A valiant effort there VP Not sure who Ben is, or Juliet, I know who Ros and Harry are but I am a Johnny come lately... 
Good stuff though, the deep frying and fantastical double dealing is marvellous. It's almost a highbrow british version of Heroes...



> It's a derogatory term used for black people.


Oh. I didn't know that


----------



## starfish (Nov 25, 2009)

Oh naughty, naughty Sarah. Whats she up to then ?


----------



## Epico (Nov 25, 2009)

Did anyone else notice the prominent 'no-smoking' sign towards the beginning? It made wonder - why does NO ONE smoke? They're always highly stressed - and they don't need to worry about dying young, because that's a given. It'd be smoking like a chimney.


----------



## sleaterkinney (Nov 25, 2009)

starfish said:


> Oh naughty, naughty Sarah. Whats she up to then ?

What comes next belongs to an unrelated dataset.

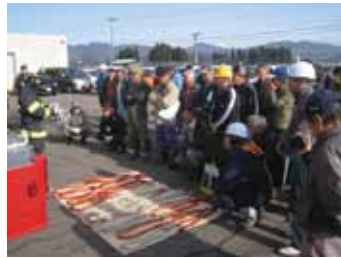
大曲広域消防本部角館消防署の救助隊員による簡単で解けにくい命綱の講習はとてためになり、参加者は真剣な面持ちで聞いていました。

件発生しています。このうち55件は屋根の雪下ろしなどによる高所からの転落となっているため、くれぐれも雪下ろしの際は、慎重な作業を心掛けてください。

She must have gone to that meeting in Switzerland. I wonder why that russian guy didn't off yer man and just take the cash?


----------



## Minnie_the_Minx (Nov 25, 2009)

ShiftyBagLady said:


> Oh. I didn't know that





You must be young


----------



## starfish (Nov 25, 2009)

sleaterkinney said:


> She must have gone to that meeting in Switzerland. I wonder why that russian guy didn't off yer man and just take the cash?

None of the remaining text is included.